Morozov no tuvo más remedio que obedecer y se oyó el tintineo de su copa al chocar con la botella.
– ¿Ves tú? -siguió diciendo el otro como si cada una de las palabras que pronunciaba le hiciera sangrar la garganta-, no me importa haberme batido; no me importa haber cometido los peores delitos para dejarme escapar luego de las manos los resultados; nada de eso me importa si hubiéramos sido derrotados por un gran guerrero con el casco de acero, un dragón humano que echase fuego por la boca; pero es que hemos sido derrotados por un piojo, por un piojo rubio, grande, gordo, asqueroso. ¿Has visto un piojo alguna vez? Los rubios son los más gordos… La culpa es nuestra.
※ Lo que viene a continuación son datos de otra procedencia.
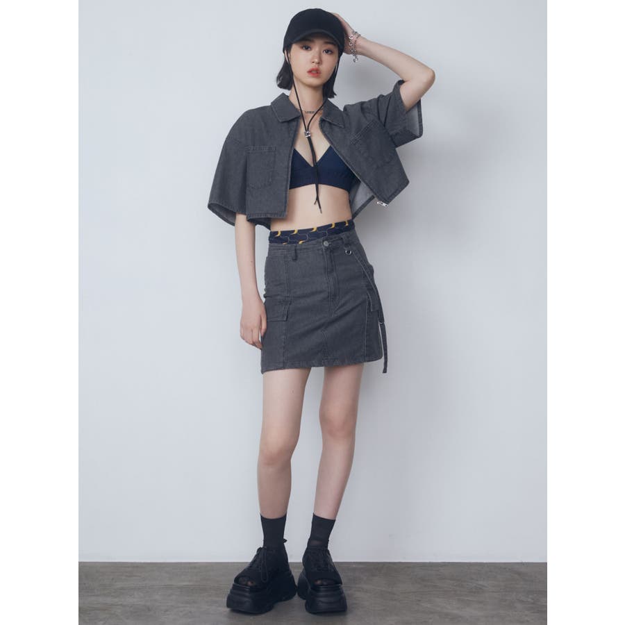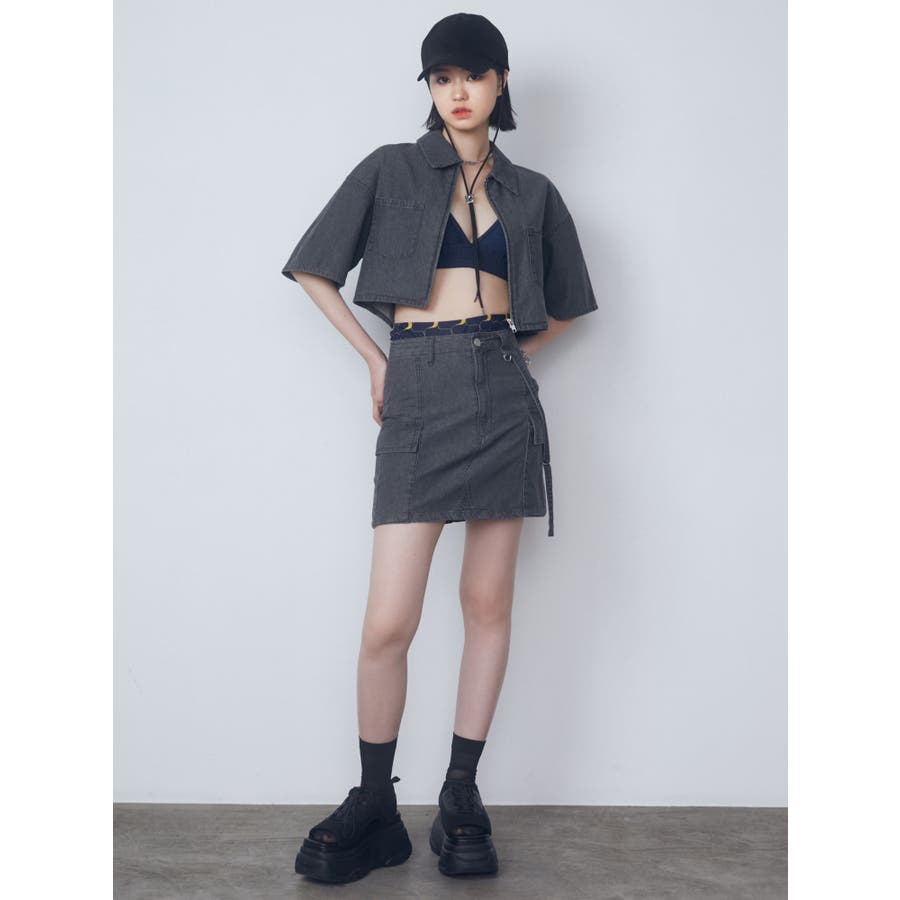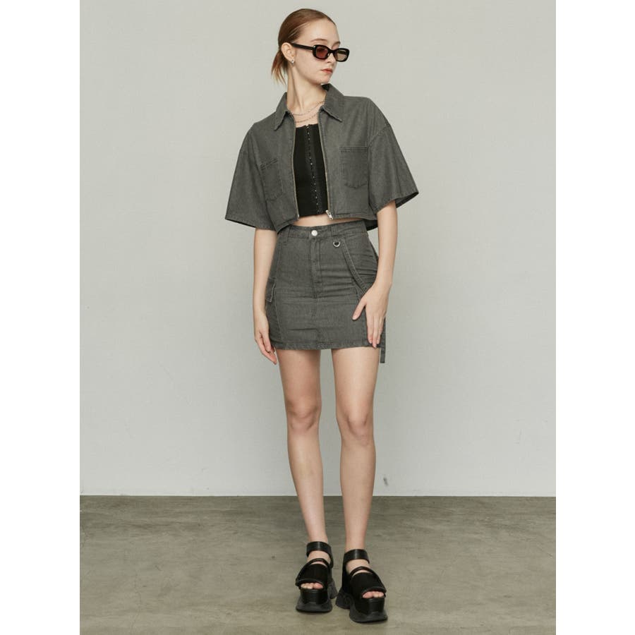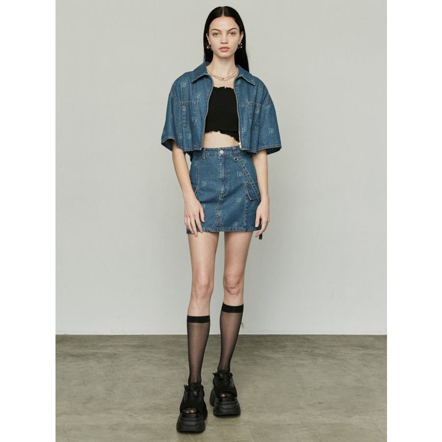 デニム素材を使用したミニスカート■デザイン夏時季にも着やすい薄手のデニム生地を使用しています。片側に付けたベルトデザイン・Dカン・フラップポケットなどトレンド感のあるディテールがポイントになります。同素材のシャツと合わせてバランスが良く見えるタイトシルエットにしていますが、軽めの生地なので着やすくなっています。■スタイリングアイスはオリジナルマークをレーザープリントで入れた総柄で1枚でスタイリングのポイントになります。ブラックとグレーは無地でトップスにモノトーンは勿論、カラーアイテムとの相性も良く着回しが効きます。フロントジップデニムシャツと同素材・同色の展開でセットアップでの着用が一押しです。※着用画像はフラッシュの加減で実際の製品と色味等が異なる場合がございます。※ご利用の端末画面の設定により実際の商品と色味が異なる場合がございます。【商品特徴】透け感:なし伸縮性:なし生地の厚さ:普通サイズ感:ゆったり裏地:ありポケット:あり
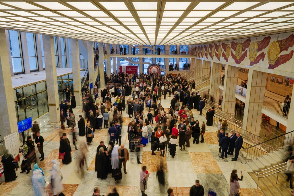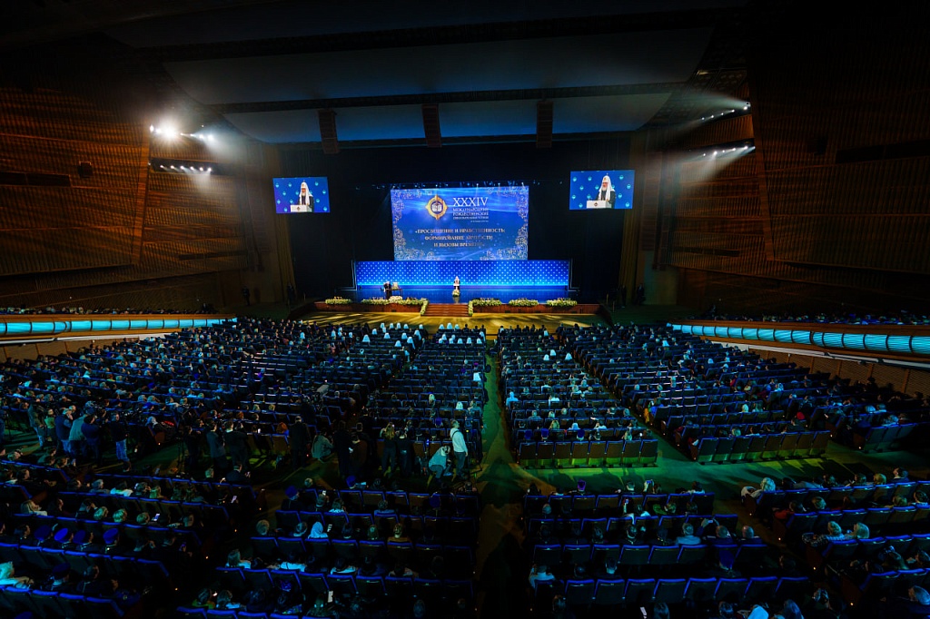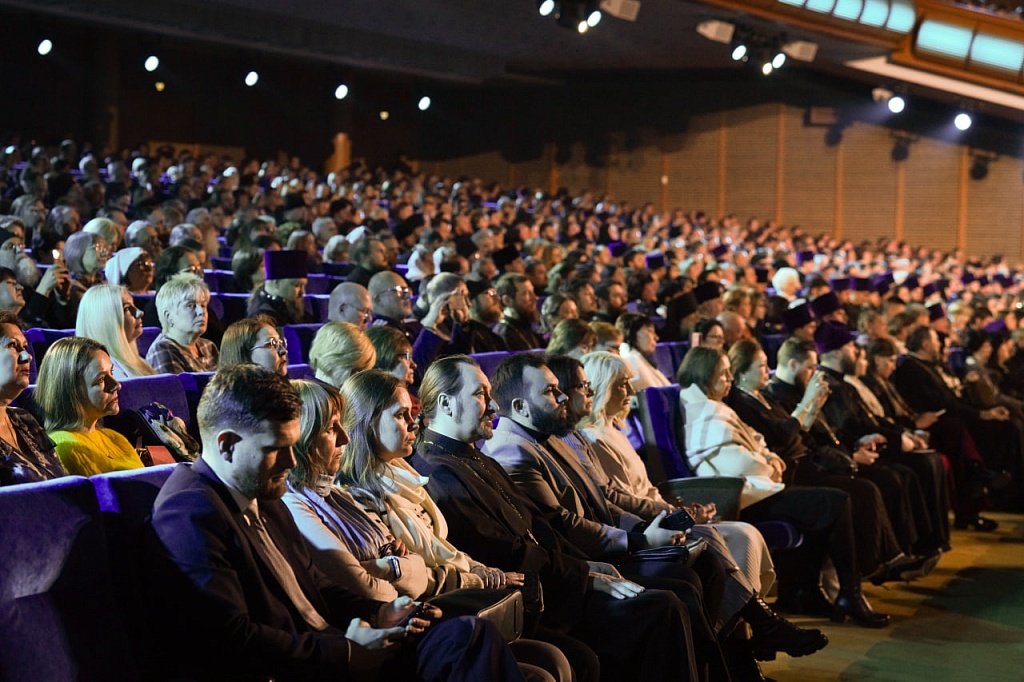 В зале собралось свыше 5 тысяч человек: Преосвященные архипастыри – члены Священного Синода и Высшего Церковного Совета, главы экзархатов, митрополий и епархиальные архиереи Русской Православной Церкви, представители высшей исполнительной и законодательной власти, ректоры вузов, директора и педагоги школ, священнослужители, приходские специалисты, деятели науки и культуры.
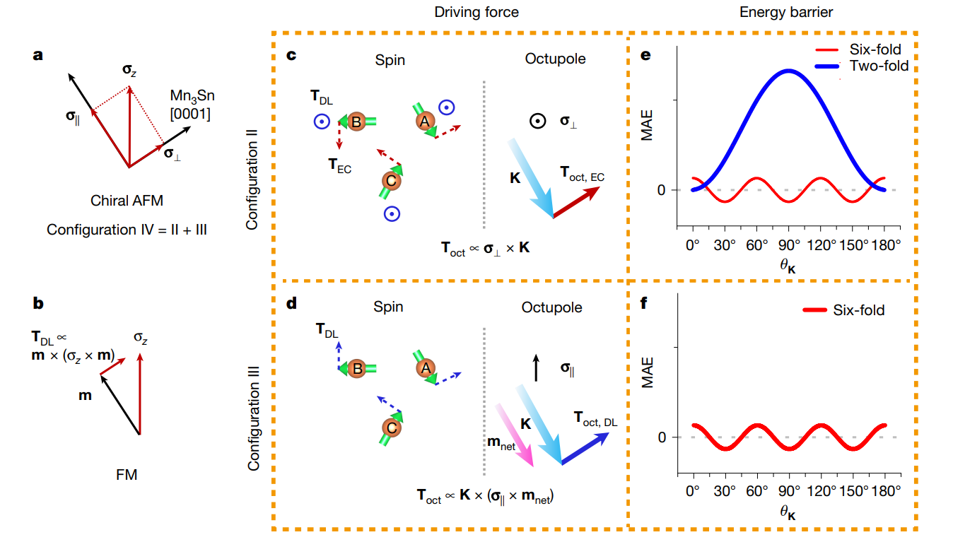 手性反铁磁是磁八极子的载体,这一磁序概念超越了常规的自旋和磁偶极子概念。亚晶格自旋和磁八极子,为理解手性反铁磁的动力学现象提供了两个截然不同的视角。研究团队从磁八极子视角出发,对自旋力矩特征(贡献翻转所需的驱动力)和磁各向异性特征(影响翻转所需克服的能垒)做了系统的理论分析,揭示了两方面关键机制:(1)磁易面约束下,手性反铁磁和铁磁对于面外自旋的响应有本质区别(图2a和b),垂直于磁易面的分量会产生交换耦合力矩(图2c),是高力矩效率的主要来源;而平行于磁易面的分量产生的驱动力(图2d)用以决定零场翻转的极性。手性反铁磁同质结中,面外自旋极化与Kagomé磁易面成倾斜的几何构型,既实现了全电学翻转,又保留了较高的力矩效率;(2)易面所贡献的能垒极低(图2e和f),利于高效翻转,然而却会使手性反铁磁的翻转不完全。而若为了实现100%翻转而引入二重磁各向异性,却会使能垒成数量级地提升,极大限制翻转效率。在传统的构型中,驱动力优势和能垒优势始终无法共存,而倾斜的几何构型(图2a)则成功突破了这一限制,形成了极高的电学翻转效率。

En otro tiempo, los hombres obedecían a los rayos enviados por un dios; luego fueron mandados por una espada; ahora les manda un "Primus". En otro tiempo les dominaba la fe, luego les dominó el miedo, ahora les domina el hambre. Los hombres han llevado cadenas en el cuello, en las muñecas, en los tobillos. Pero ahora están encadenados por la barriga. Lo que sucede es que por la barriga no se coge a los héroes. La culpa es nuestra.
– Pero, camarada, por el amor de Dios, ¿a qué viene todo esto?
– Queríamos construir un templo, ¡y si por lo menos hubiéramos logrado terminar una capilla! Pero no; ni siquiera hemos construido un garaje: hemos debido quedarnos con una cocina mugrienta, con unos fogones de segunda mano. Pusimos un caldero al fuego y lo llenamos de sangre y acero, bien mezclados y meneados. ¿Y qué hemos sacado de esta nueva mezcla? ¿Una nueva humanidad? ¿Unos hombres de granito? No. Sólo unos inmundos insectos que se arrastran por el suelo; unos seres sin nervio, ni forma, ni nada, que ni siquiera saben inclinarse humildemente para que les den latigazos. No; toman el látigo y se los dan ellos mismos. ¿Has estado alguna vez en alguna reunión de uno de nuestros círculos de actividades sociales? Deberías ir. Te interesaría. Aprenderías muchas cosas sobre el espíritu humano.